*Work order*:
Span requested from the data below: the line with "今年上半年,商品消费平稳增长" through the line with "I have quite", both included. Give only these lines again, exactly, and leave every picture out.

*Material shown*:
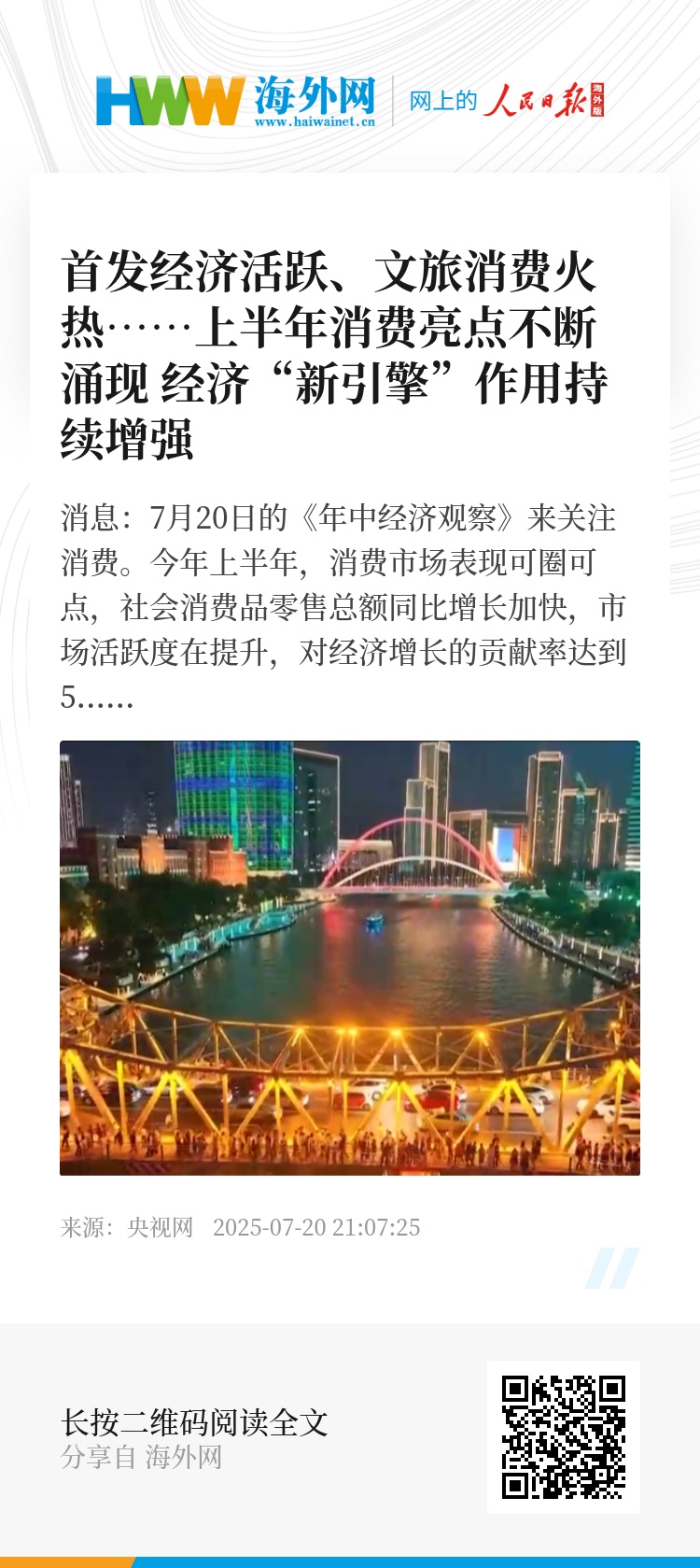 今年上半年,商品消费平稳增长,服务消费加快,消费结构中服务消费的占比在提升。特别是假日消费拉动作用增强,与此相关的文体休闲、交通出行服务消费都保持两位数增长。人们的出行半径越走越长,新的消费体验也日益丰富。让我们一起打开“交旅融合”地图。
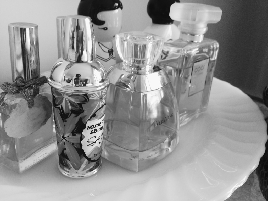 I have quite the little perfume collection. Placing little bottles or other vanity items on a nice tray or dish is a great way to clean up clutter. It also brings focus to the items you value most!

--

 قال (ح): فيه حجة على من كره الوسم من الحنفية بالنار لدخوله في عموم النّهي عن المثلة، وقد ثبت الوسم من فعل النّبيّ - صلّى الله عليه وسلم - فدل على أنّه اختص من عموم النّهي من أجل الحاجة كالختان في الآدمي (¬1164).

*Reply*:
 今年上半年,商品消费平稳增长,服务消费加快,消费结构中服务消费的占比在提升。特别是假日消费拉动作用增强,与此相关的文体休闲、交通出行服务消费都保持两位数增长。人们的出行半径越走越长,新的消费体验也日益丰富。让我们一起打开“交旅融合”地图。
 I have quite the little perfume collection. Placing little bottles or other vanity items on a nice tray or dish is a great way to clean up clutter. It also brings focus to the items you value most!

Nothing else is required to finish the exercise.